Segment Open

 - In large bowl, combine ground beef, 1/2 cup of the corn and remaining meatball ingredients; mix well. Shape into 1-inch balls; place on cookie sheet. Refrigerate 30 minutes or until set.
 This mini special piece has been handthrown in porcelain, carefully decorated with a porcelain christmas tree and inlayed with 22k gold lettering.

Segment Closed
Segment Open

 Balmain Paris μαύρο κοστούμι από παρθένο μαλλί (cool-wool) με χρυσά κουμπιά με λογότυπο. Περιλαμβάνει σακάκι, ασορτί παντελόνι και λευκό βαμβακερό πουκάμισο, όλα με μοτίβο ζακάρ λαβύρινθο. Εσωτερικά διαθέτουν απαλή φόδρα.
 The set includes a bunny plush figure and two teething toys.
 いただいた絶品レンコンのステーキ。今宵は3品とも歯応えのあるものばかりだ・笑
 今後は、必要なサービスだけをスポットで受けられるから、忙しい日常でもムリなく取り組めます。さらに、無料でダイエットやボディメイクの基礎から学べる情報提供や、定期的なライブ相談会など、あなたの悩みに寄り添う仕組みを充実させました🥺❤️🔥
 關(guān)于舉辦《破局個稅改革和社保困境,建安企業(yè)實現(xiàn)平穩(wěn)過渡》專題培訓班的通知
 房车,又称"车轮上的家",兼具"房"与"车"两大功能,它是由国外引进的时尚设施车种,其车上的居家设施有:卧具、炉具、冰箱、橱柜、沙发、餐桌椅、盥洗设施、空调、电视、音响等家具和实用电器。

Segment Closed

> WHAT YOU NEED TO DO
Among the records above, a stretch begins at the line containing "- In large bowl, combine" and ends at the line containing "This mini special". Restate that stretch word for word, and nothing else.

> RESPONSE
 - In large bowl, combine ground beef, 1/2 cup of the corn and remaining meatball ingredients; mix well. Shape into 1-inch balls; place on cookie sheet. Refrigerate 30 minutes or until set.
 This mini special piece has been handthrown in porcelain, carefully decorated with a porcelain christmas tree and inlayed with 22k gold lettering.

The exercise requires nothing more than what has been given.